Where is that Singe?
hmm, average is less than 3 combats per Long rest here.

so much for 6-8 combats per day idea...
Well, it goes back to the problem with your OP... what did you expect???

As many people stilpulated (including myself) the average is skewed artificially low because the idea is 6-8 encounters per "adventuring day". Not traveling day, not days talking to NPCs in a town or village, etc., but actual adventure days. Since a long rest (more or less) happens every day (or in a 24-hour period), you are counting many days which are not "adventuring days".

For example, I might have combats according to the following day-to-day:
1726440150048.png


On days the PCs are "In town", combats are few. While traveling, random encounters are a bit more common, but neither of these are the "adventuring days" discussed in the DMG. In the above example I only have two "adventuring days", with an average of 10.5 combats per adventuring day... much higher than the overall "combats per long rest" that you asked for.

Do you honestly expect the average for ALL types of days (when a long rest is taken) to include the guidelines of 6-8 encounters suggested for actual adventuring days??

It was also specifically talking about medium encounters, just using hard encounters can cut that in half.
Actually, it was medium or hard...
1726440419654.png
 

tetrasodium

Legend
Supporter
Epic
The 6-8 combats a day always sounded more like a warning than something to aspire to. From memory, the advice in the DMG stated that PCs could probably handle around 6-8 combats per long rest before running on empty and needing a long rest to recover.
There is also a quote from Mearls out there about that being what they assumed and mapped to
 

Xetheral

Three-Headed Sirrush
This... okay, let me restate this with cars.

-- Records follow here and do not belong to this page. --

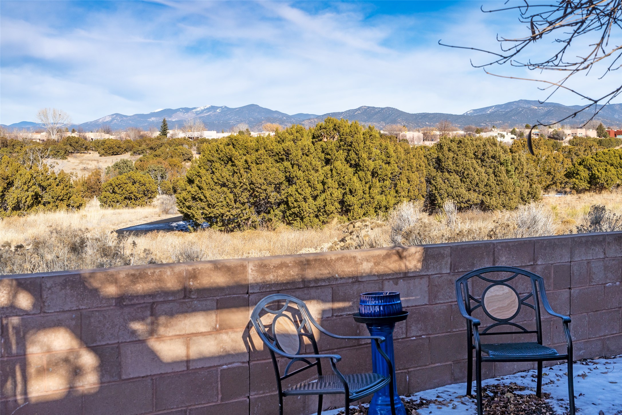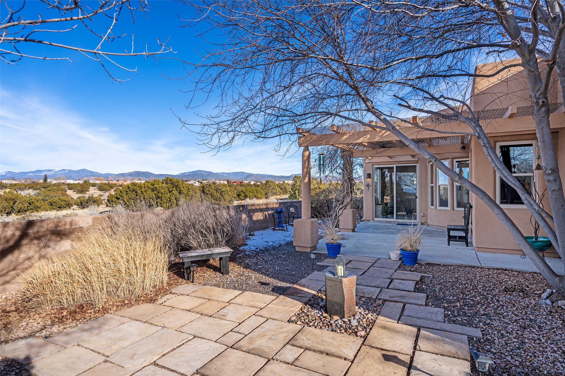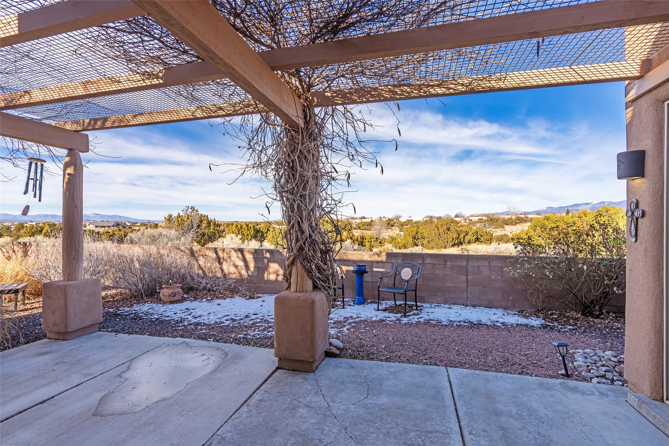 Sublime and serene, this one-owner home is sure to amaze and impress. Set on a highly sought-after lot bordering open space, the property offers forever views of the Sangre de Cristo and Jemez mountain ranges. Nestled within a well-established neighborhood, the home enjoys a rare balance of privacy, natural beauty, and a strong sense of security.Thoughtfully re-envisioned to suit today's lifestyles, the interior is filled with light and views. Oversized picture windows in the living room and office nook frame the surrounding landscape and bring the outdoors in. The open-concept kitchen has been beautifully upgraded with the finest materials, creating a stunning and functional gathering space. The primary suite is a true retreat, featuring a beautifully renovated bath and a walk-in closet. Just off the main living area, a versatile den functions perfectly as a media room or creative space and can easily serve as a third bedroom if desired. A comfortable guest bedroom and renovated guest bath provide a welcoming experience for visiting family and friends. Outside, the rear courtyard overlooks expansive open space and is anchored by a tranquil water feature, a new ramada, and simple, indigenous landscaping--an ideal setting for relaxation and entertaining. Recent improvements include many new windows, new kitchen appliances, new granite counters in kitchen and baths, new tile in the baths, new carpet, new light fixtures and so much more! Rarely does a home with this level of upgrades and such an exceptional lot come together at this remarkable price. Located within the Windmill Ridge area of Rancho Viejo, the neighborhood offers over 12 miles of paved walking trails and many community parks. You do not want to miss this exceptional home!
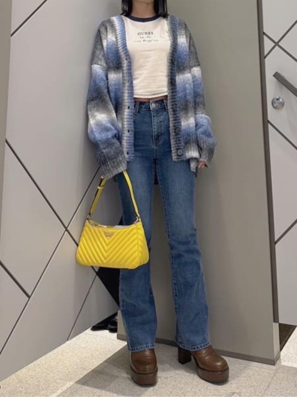 グラデーションカラーがアクセントになるカーディガンはオーバーサイズでルーズなシルエットです。 ブルーデニム合わせで、シンプルなコーディネートにビビットなカラーのハンドバッグもおすすめです! ルーズなカーディガンとバランスが取れるように、中に着ているTシャツはタイトめでクロップ丈を選びました!
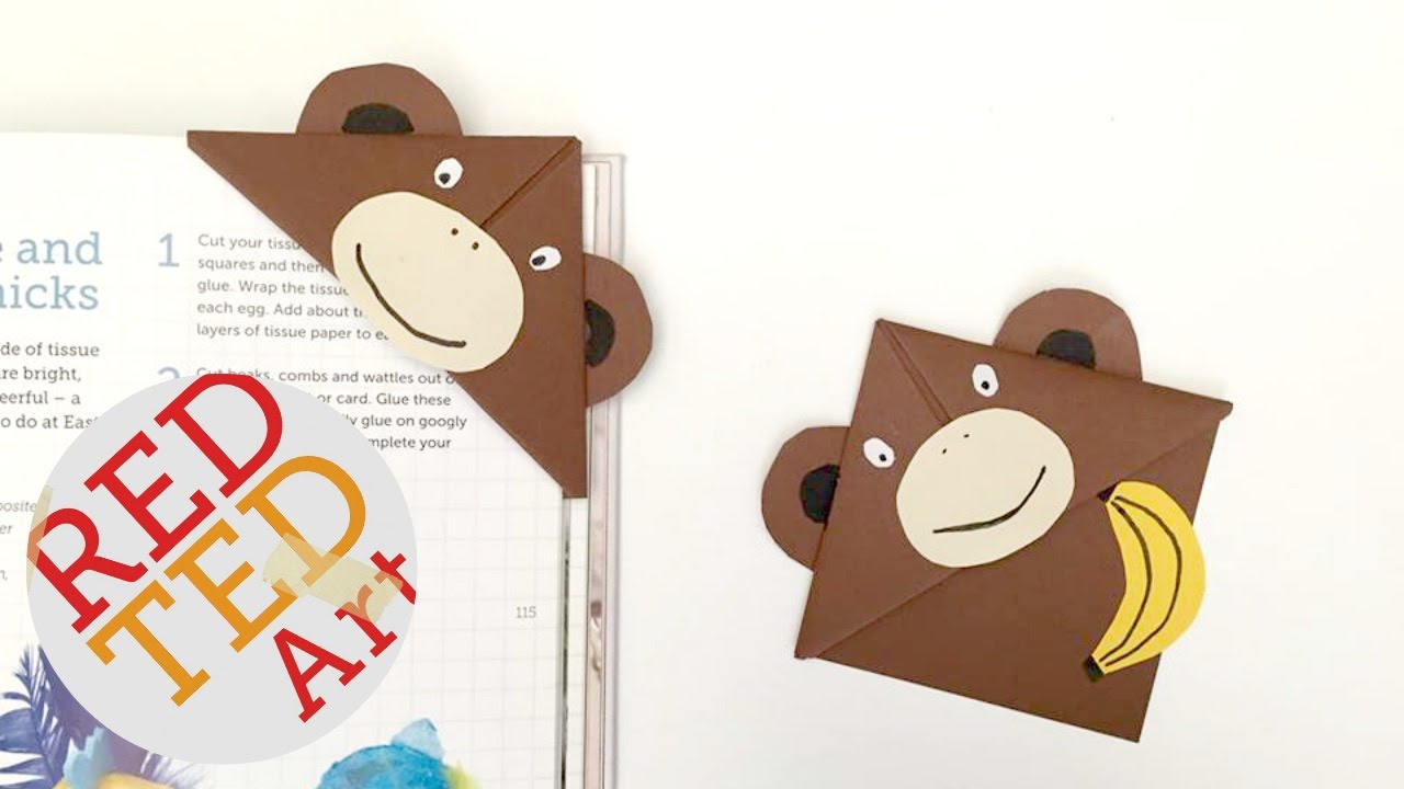 6 min(s) Art and Craft Easy monkey bookmark corner

Me: "If you have a flat tire, it's a sign that your car isn't fit to drive."
You: "I don't think having a flat tire is the one and only barometer a car being fit to drive."

I trust you can see how those differ.

I'd be glad to discuss how wildly varying effectiveness per action is or is not a sign of in-combat imbalance. Basically, you will need to show that regardless of the number of encounters, both at-will and casters have around the same output over time - so no "this particular situation favors one or the other".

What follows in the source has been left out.